Eddie Jones has a reputation as a hard taskmaster and he thinks Owen Farrell can help rebuild England’s standing by ruling with a rod of iron on next month’s tour to South Africa just as one of his lieutenants did in his Wallaby days.

Farrell has been handed the captaincy duty for the three-Test series against the Springboks with Dylan Hartley absent due to concussion.

The Saracen man’s main task is to re-build team spirit in a squad that Jones thought was fractured during a disastrous Six Nations and in a country where they have only won three of 13 Tests against the Boks.

Those triumphs came in 1972, 1994 and 2000 under the captaincy of John Pullin, Will Carling and Martin Johnson respectively but it is an Australian, George Gregan, who Jones likens to Farrell.

Jones has been around the block more than once at international level with stints with Australia, South Africa and Japan, and scrum-half Gregan was his captain when he coached the Wallabies to the 2003 World Cup final.

And Jones thinks Farrell may come to emulate Gregan on the daunting trip to a host country rejuvenated by new boss Rassie Erasmus.

“That is probably close to the mark,” said Jones at England’s current training camp in Brighton.

“George Gregan was fantastic. I have never seen a stronger winner than him.
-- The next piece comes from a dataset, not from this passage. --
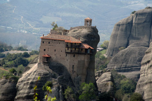 מנזר תלוי בראשו של עמוד סלע במטאורה אחד האתרים המיוחדים ביותר ביוון ההררית הוא המנזרים התלויים של מטאורה. את המנזרים, שנמצאים בראשי עמודי סלע תלולים, הקימו בימי הביניים נזירים אשר חיפשו מקום שקט להתבודדות. בעבר הגישה היחידה אליהם היתה בסולמות ארוכים או דרך סלים מוחברים לחבלים. כיום הגישה למנזרים קלה יותר, אבל הם עדיין שומרים על אופיים הייחודי.

He demanded stuff from the team and they were frightened not to give it to him.

“John Smit with South Africa was more consultative. He was able to bring three or four disparate groups together for a common purpose. He was brilliant at that, he challenged the coaches so he was very good on the field and very good off the field.
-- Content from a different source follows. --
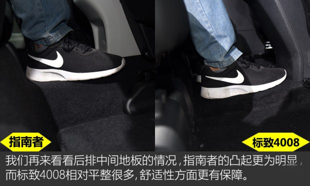 通過實際體驗,可以看到兩款車型無論前排頭部空間還是后排腿部/頭部空間都有不俗表現(xiàn),其中它們的腿部空間都有兩拳多余量。當(dāng)然,標(biāo)致4008稍微更大一些。另外,標(biāo)致4008在細(xì)節(jié)方面做得更好,它的后排地板相對平整,若有乘客坐在中間,舒適性能有效保證。

“Gregan was super on the field but not as good off the field.

“Then Michael Leitch with Japan. Brilliant captain. I have never seen a bloke with more courage than him. He was able to bring together, within the Japanese there are four or five different groups. Kiwis, Tongans and he was able to bring them all together for a common purpose.
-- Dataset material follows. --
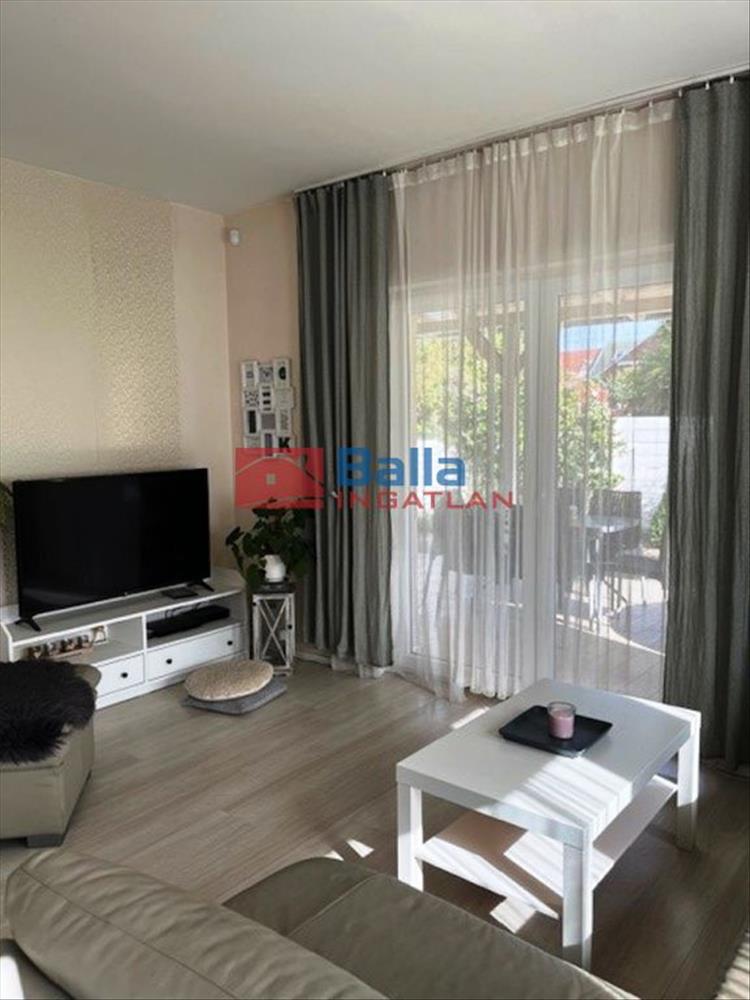A lakás elrendezése: földszintjén előszoba, konyha+étkező+nappali, kijárat a fedett 22 m2-es teraszra, kamra, fürdőszoba+Wc.

“None of them started out as great captains, they all started out relatively poor captains.

“Having strong leadership definitely helps – having a leader who can unite groups. Because within our team you’ve got different groups and it’s how you unite all those guys to play for one single purpose.”

Farrell is already one of the leaders in the England team and deputised for Hartley, Jones’ first-choice skipper since 2016, in the Six Nations defeat to France but has a big task on his hands uniting a squad that the coach thinks was splitting recently. And Jones, as an Australian, thinks it takes an outsider’s eye to see the breaks.

“You go to north of England and south of England and for me it is like going to two different countries,” he added. “That is probably because I am Australian. Then you go to the south west and that is a different country again and they have got different ideas of what is right and what is wrong and none of them is right.

“Owen has a different cultural background. Dylan is from Rotorua, Owen is from Wigan. They think of things differently, they look at things differently.

“Owen will put his own stamp on the team. And we want him to do that. We obviously don’t want him to lose some of the great work Dylan had done, and he has done a lot of good things … We want to keep the good things and then bring his own flavour to the table.”

Jones also said he had not thought about a potential replacement for defence coach Paul Gustard who has been linked with a move to Harlequins and their vacant director of rugby position.